Si tratta cioè di responsabilità sociali che non sono frutto di un dovere morale, ma sono invece ricomposte nel quadro di una reciprocità e di una fiducia attiva. Su questa base è possibile, evidenzia Paltrinieri (2012) elaborare un paradigma che metta al centro una concetto di responsabilità come responsabilità sociale condivisa (Davis, 2011; Paltrinieri 2012), dove la dimensione centrale è quella dell'interdipendenza: «In narrating and providing evidence for many ways in which we are all interdependent, the concept of shared social responsibility provides a momentous opportunity to (re) priorities the «we» aspect of our daily lives in the ever more important drive for social cohesion throughout Europe and beyond» (Davis, p.112)

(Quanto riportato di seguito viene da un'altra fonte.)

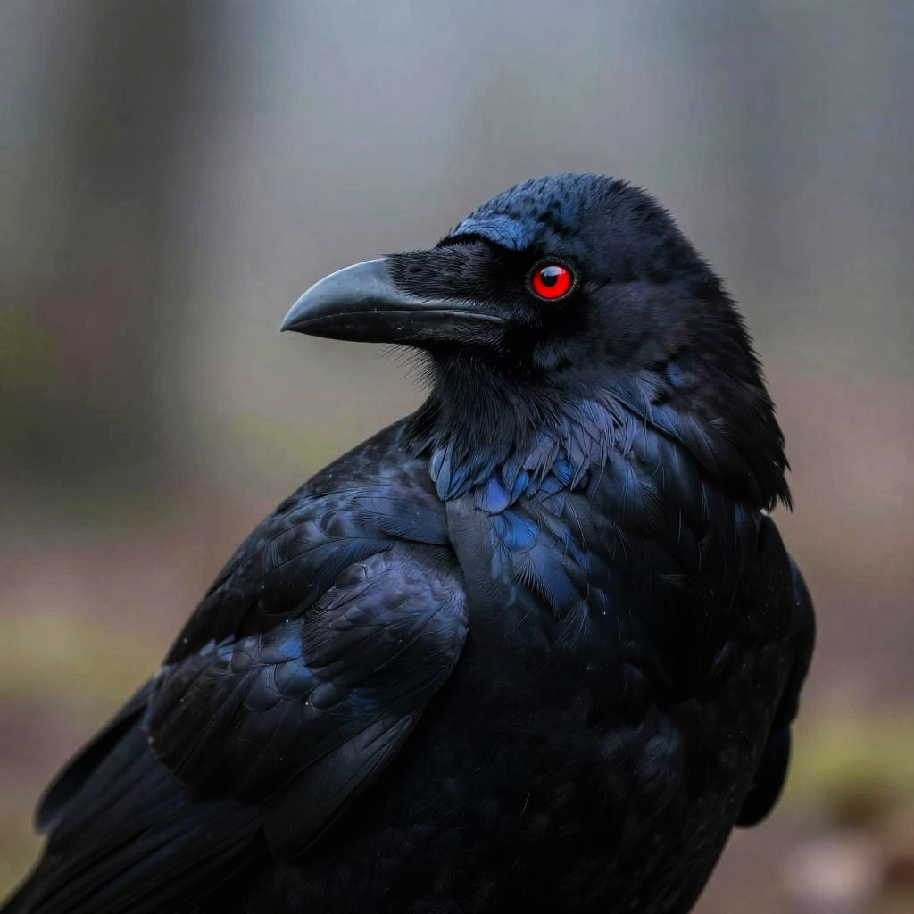 Close-up of a raven with red eyes, feathers glossy black with subtle blue highlights, intense stare with glowing crimson eyes, mysterious foggy forest background, photorealistic style

L'insieme delle riflessione che qui abbiamo tracciato hanno al fondo, chiaramente, un tema cruciale, che è proprio del dibattito sulla partecipazione nelle sue diverse forme: quello del capitale sociale, il quale si intreccia con i diversi studi sul tema della cultura civica. Torneremo su questi aspetti più avanti44, dopo avere affrontato altri due contribui che ci portano sul piano delle pratiche e delle tipologie di azione che possono a nostro avviso essere situati nel quadro complessivo di quanto abbiamo dibattuto in questi primi due paragrafi.
43 Riteniamo qui di poter ricucire assieme un filo rosso che lega la dimensione del dubbio e dell'incertezza con quelle discrepanze di cui parla Beck (cap.1) nelle quale si aprono anche delle possibilità, ed anche con quanto discusso nel secondo capitolo rispetto al tema dell'improvvisazione e della sperimentazione, e nel capitolo terzo rispetto all'ascolto attivo e quei principi che chiariscono il senso profondo di processi partecipativi che si ripropongono di «discutere l'incerto» (Pellizzoni), e per le amministrazioni a «lasciarsi sorprendere» (Bobbio).
44 Chiariamo in ogni caso che non è nostro intento qui dibattere e fare una disamina delle diverse prospettive di analisi del capitale sociale, concetto di fondo della sociologia, tanto quello della comunità. Questi temi verranno affrontati direttamente nella seconda parte del lavoro in connessione diretta con l'analisi delle pratiche e viene richiamato in questo capitolo nello specifico dei contributi che vengono da noi trattati.